* **WHAT THIS TASK INVOLVES**
A faithful copy of the data is what is wanted, minus any pictures.
STUDY MATERIAL Block Start
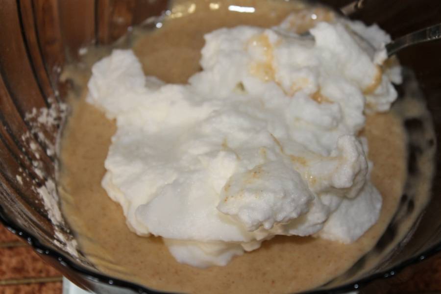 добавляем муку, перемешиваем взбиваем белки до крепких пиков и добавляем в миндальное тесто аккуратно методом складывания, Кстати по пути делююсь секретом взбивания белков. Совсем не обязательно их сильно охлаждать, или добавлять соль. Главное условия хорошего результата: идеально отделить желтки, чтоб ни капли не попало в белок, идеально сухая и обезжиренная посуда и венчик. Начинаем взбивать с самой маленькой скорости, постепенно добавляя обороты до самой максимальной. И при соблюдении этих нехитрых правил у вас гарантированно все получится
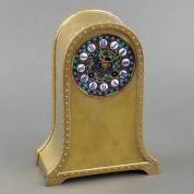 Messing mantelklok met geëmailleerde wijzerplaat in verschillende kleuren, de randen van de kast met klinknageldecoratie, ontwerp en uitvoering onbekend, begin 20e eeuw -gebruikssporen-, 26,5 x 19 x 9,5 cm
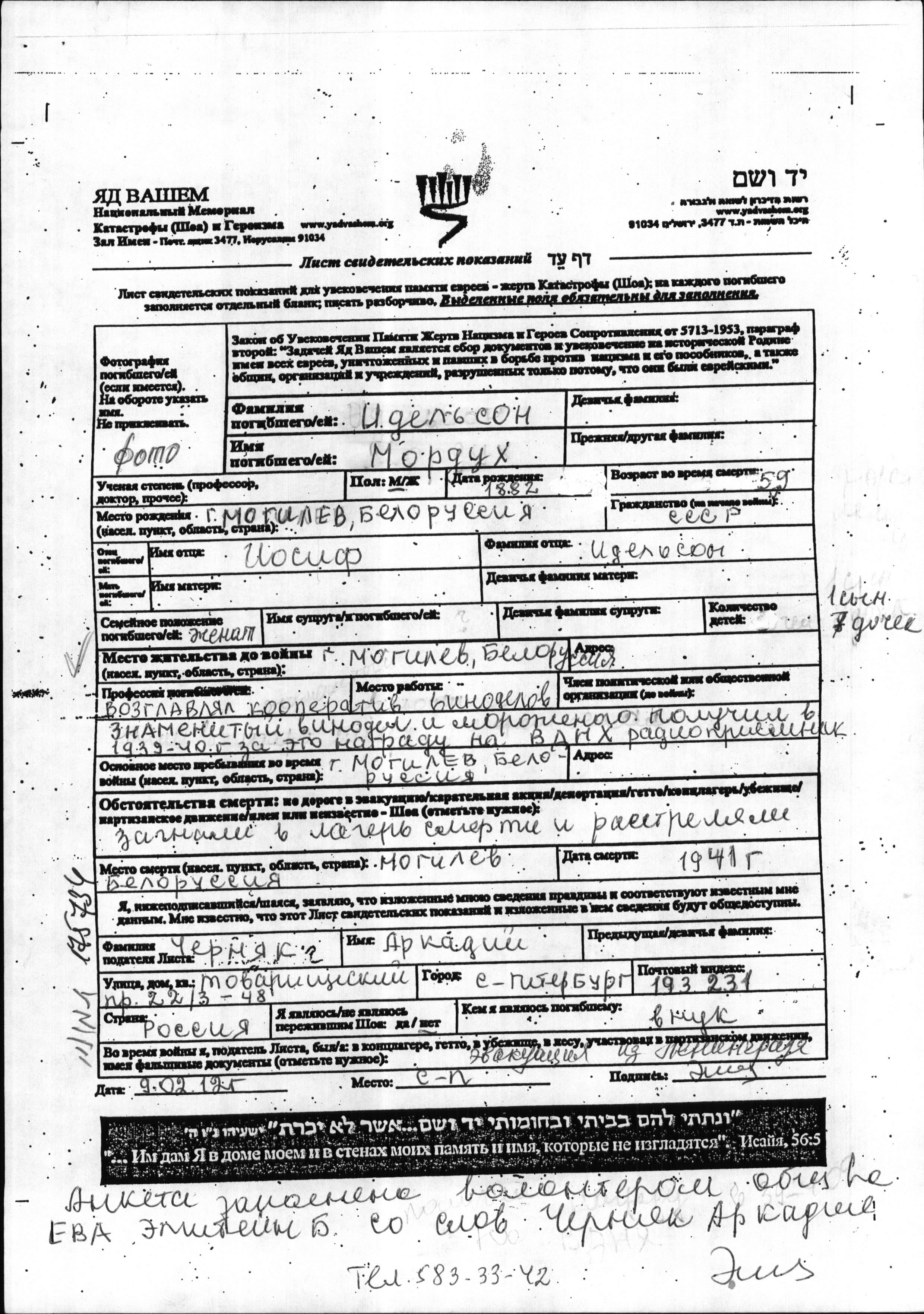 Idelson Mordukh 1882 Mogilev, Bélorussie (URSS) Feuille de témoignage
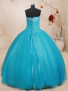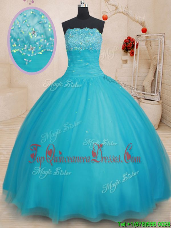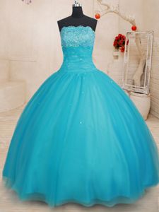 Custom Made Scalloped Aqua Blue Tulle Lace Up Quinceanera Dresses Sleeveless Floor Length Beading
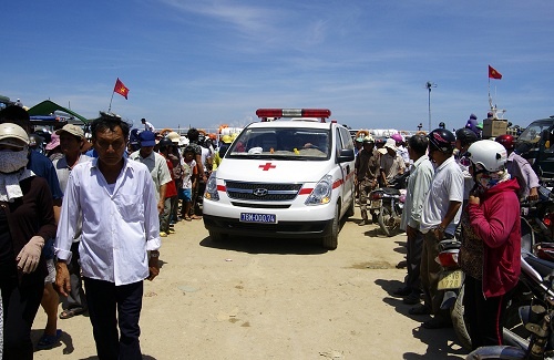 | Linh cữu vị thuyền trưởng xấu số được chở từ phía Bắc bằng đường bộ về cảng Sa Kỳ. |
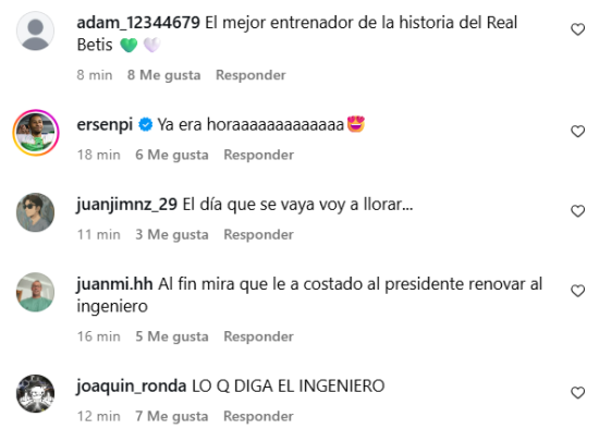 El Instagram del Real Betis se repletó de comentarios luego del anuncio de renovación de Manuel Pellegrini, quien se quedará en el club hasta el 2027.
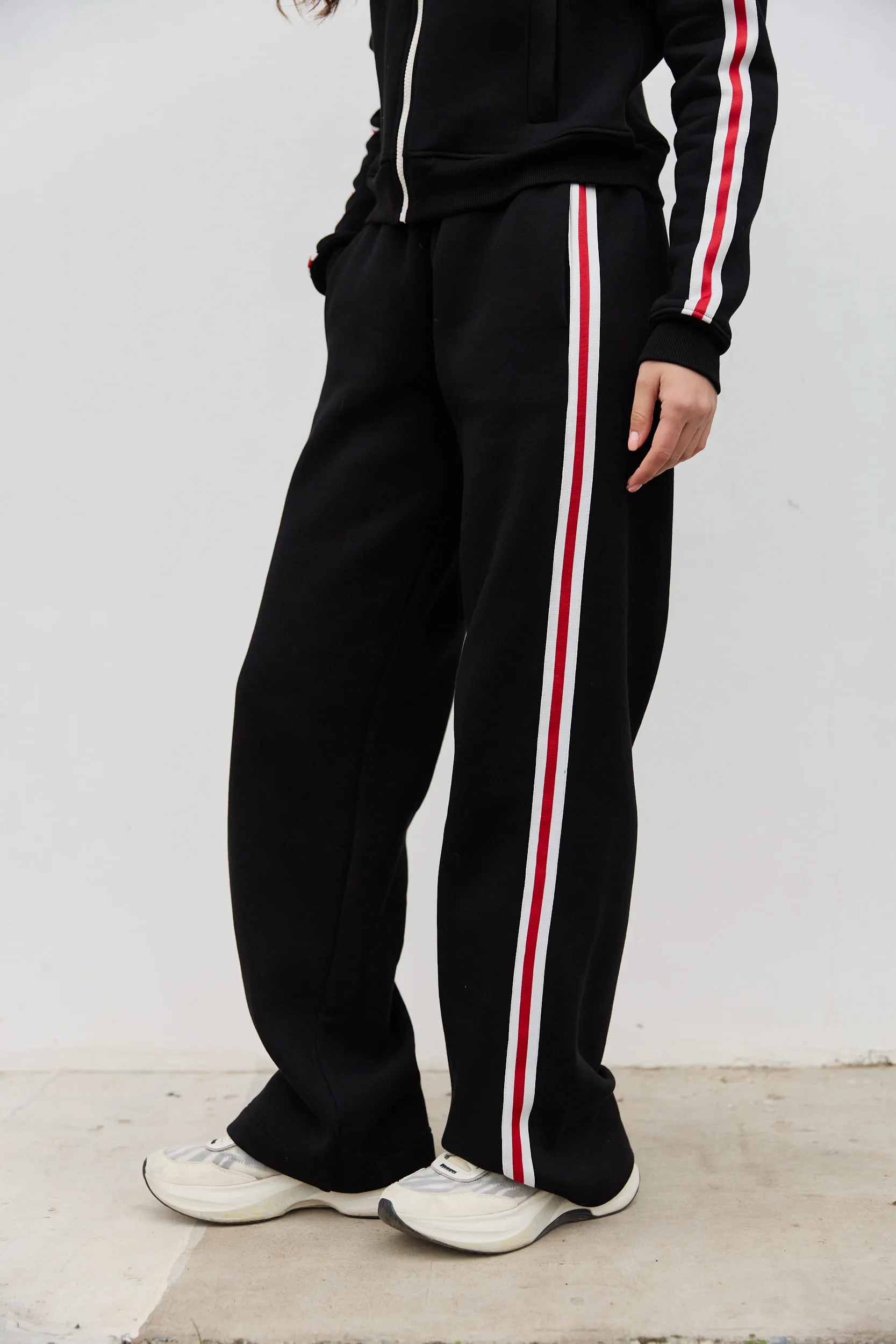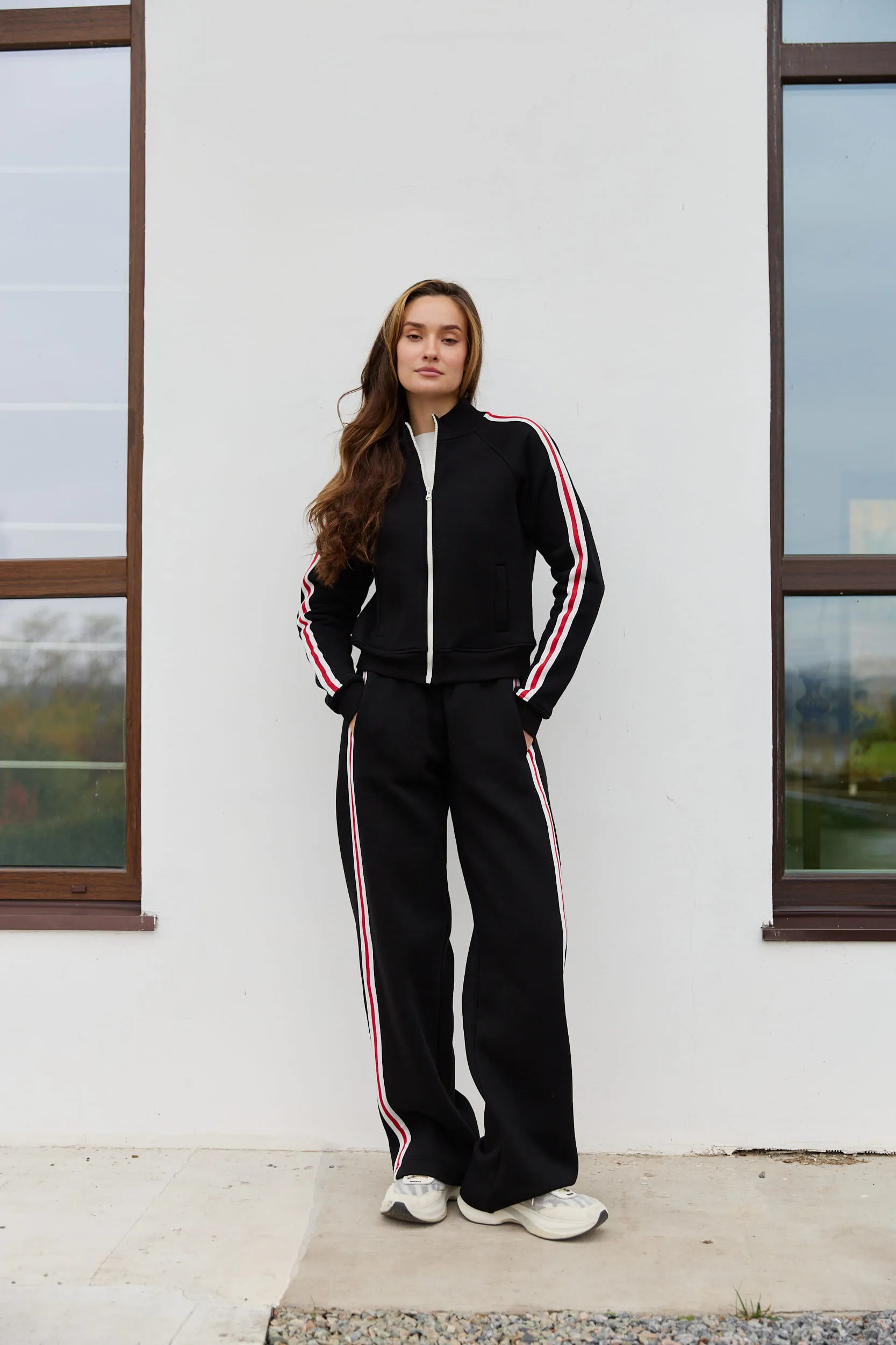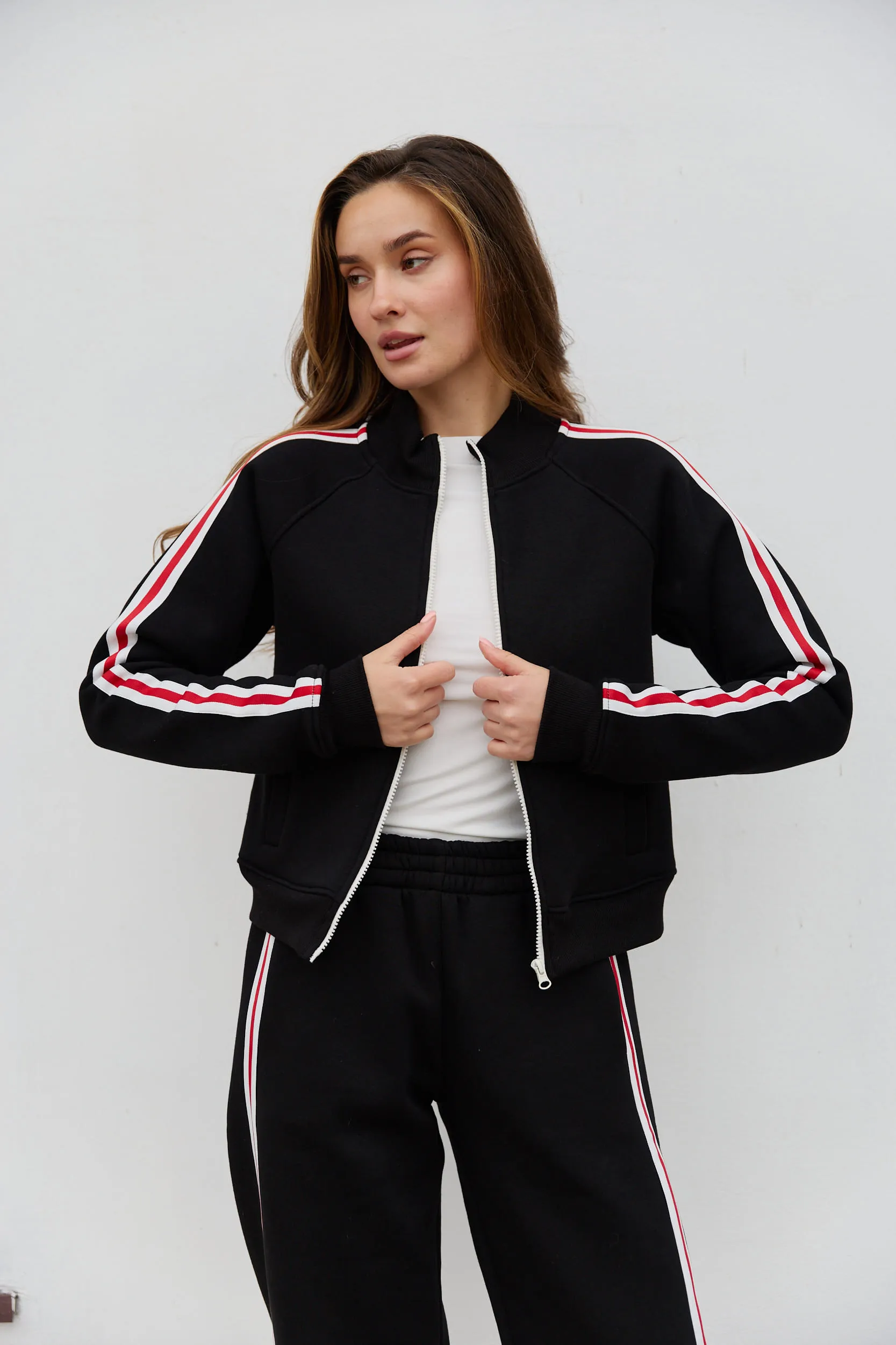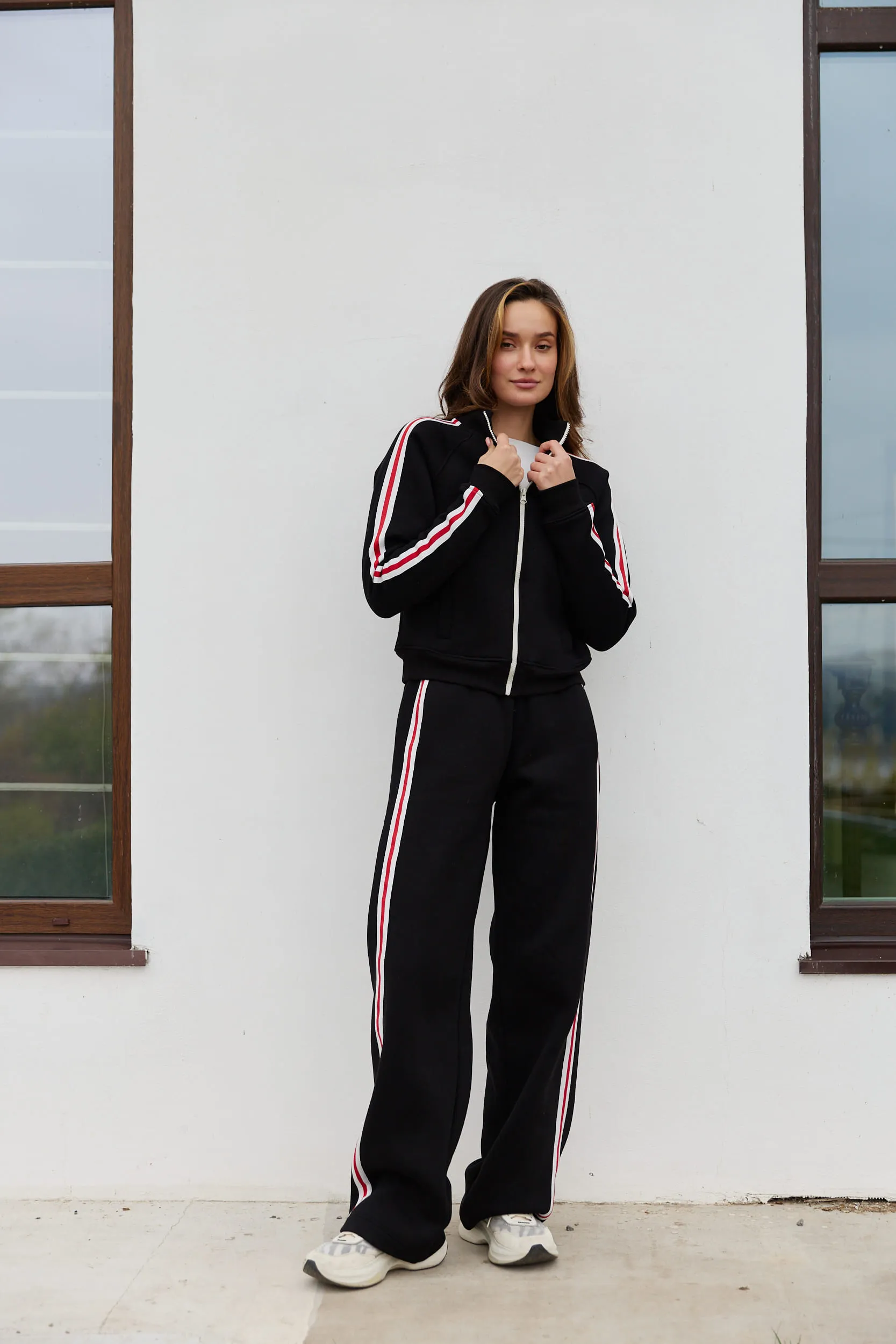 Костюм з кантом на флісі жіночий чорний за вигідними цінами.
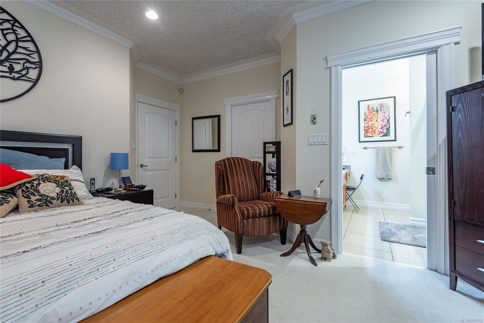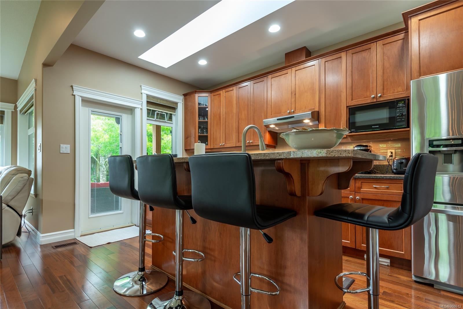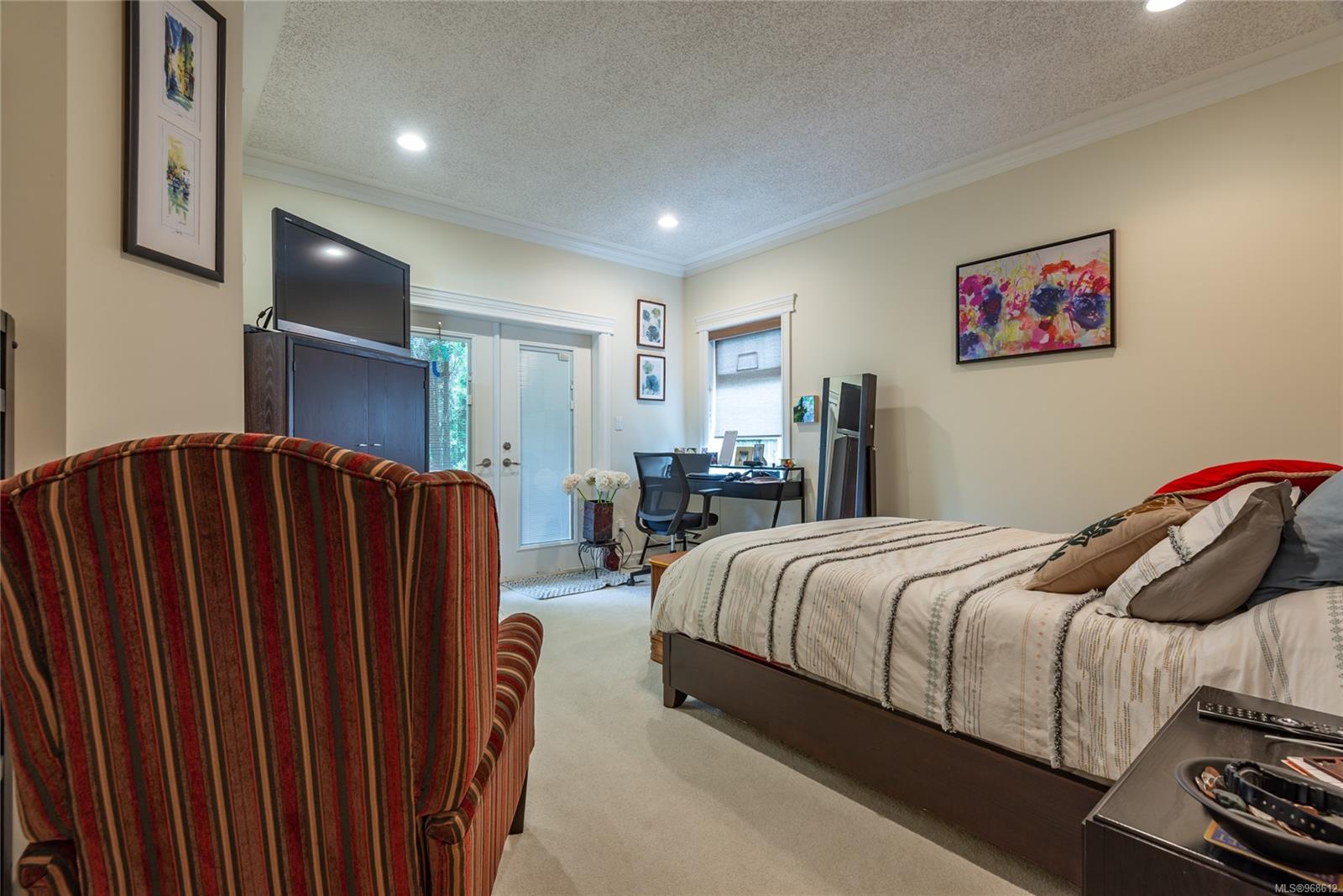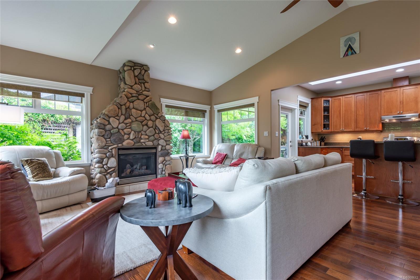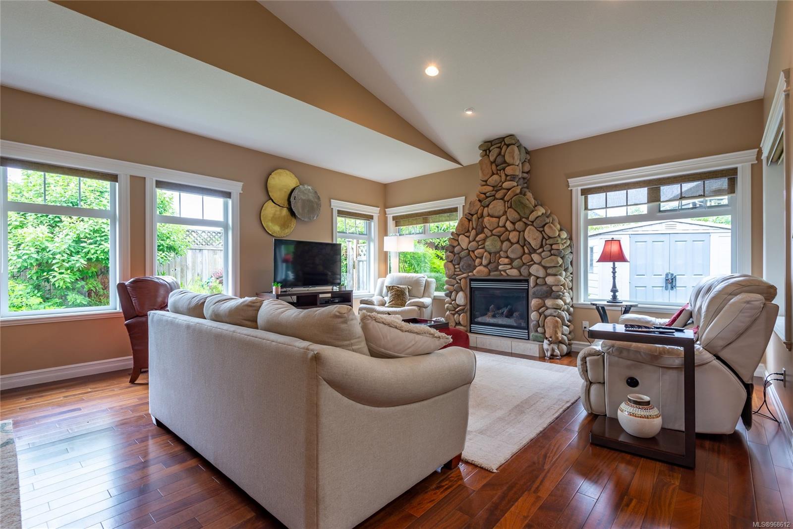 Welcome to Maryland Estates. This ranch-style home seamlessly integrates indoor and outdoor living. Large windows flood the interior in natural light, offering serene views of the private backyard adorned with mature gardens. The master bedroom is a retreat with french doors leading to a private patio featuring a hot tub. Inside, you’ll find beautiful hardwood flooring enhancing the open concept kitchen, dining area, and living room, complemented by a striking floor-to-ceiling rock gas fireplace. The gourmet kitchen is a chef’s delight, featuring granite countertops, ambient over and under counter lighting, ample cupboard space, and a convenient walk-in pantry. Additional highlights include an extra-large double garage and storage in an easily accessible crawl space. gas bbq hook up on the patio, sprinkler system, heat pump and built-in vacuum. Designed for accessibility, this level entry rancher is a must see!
STUDY MATERIAL Block End
* **ANSWER TO THE EXERCISE**
 добавляем муку, перемешиваем взбиваем белки до крепких пиков и добавляем в миндальное тесто аккуратно методом складывания, Кстати по пути делююсь секретом взбивания белков. Совсем не обязательно их сильно охлаждать, или добавлять соль. Главное условия хорошего результата: идеально отделить желтки, чтоб ни капли не попало в белок, идеально сухая и обезжиренная посуда и венчик. Начинаем взбивать с самой маленькой скорости, постепенно добавляя обороты до самой максимальной. И при соблюдении этих нехитрых правил у вас гарантированно все получится
 Messing mantelklok met geëmailleerde wijzerplaat in verschillende kleuren, de randen van de kast met klinknageldecoratie, ontwerp en uitvoering onbekend, begin 20e eeuw -gebruikssporen-, 26,5 x 19 x 9,5 cm
 Idelson Mordukh 1882 Mogilev, Bélorussie (URSS) Feuille de témoignage
 Custom Made Scalloped Aqua Blue Tulle Lace Up Quinceanera Dresses Sleeveless Floor Length Beading
 | Linh cữu vị thuyền trưởng xấu số được chở từ phía Bắc bằng đường bộ về cảng Sa Kỳ. |
 El Instagram del Real Betis se repletó de comentarios luego del anuncio de renovación de Manuel Pellegrini, quien se quedará en el club hasta el 2027.
 Костюм з кантом на флісі жіночий чорний за вигідними цінами.
 Welcome to Maryland Estates. This ranch-style home seamlessly integrates indoor and outdoor living. Large windows flood the interior in natural light, offering serene views of the private backyard adorned with mature gardens. The master bedroom is a retreat with french doors leading to a private patio featuring a hot tub. Inside, you’ll find beautiful hardwood flooring enhancing the open concept kitchen, dining area, and living room, complemented by a striking floor-to-ceiling rock gas fireplace. The gourmet kitchen is a chef’s delight, featuring granite countertops, ambient over and under counter lighting, ample cupboard space, and a convenient walk-in pantry. Additional highlights include an extra-large double garage and storage in an easily accessible crawl space. gas bbq hook up on the patio, sprinkler system, heat pump and built-in vacuum. Designed for accessibility, this level entry rancher is a must see!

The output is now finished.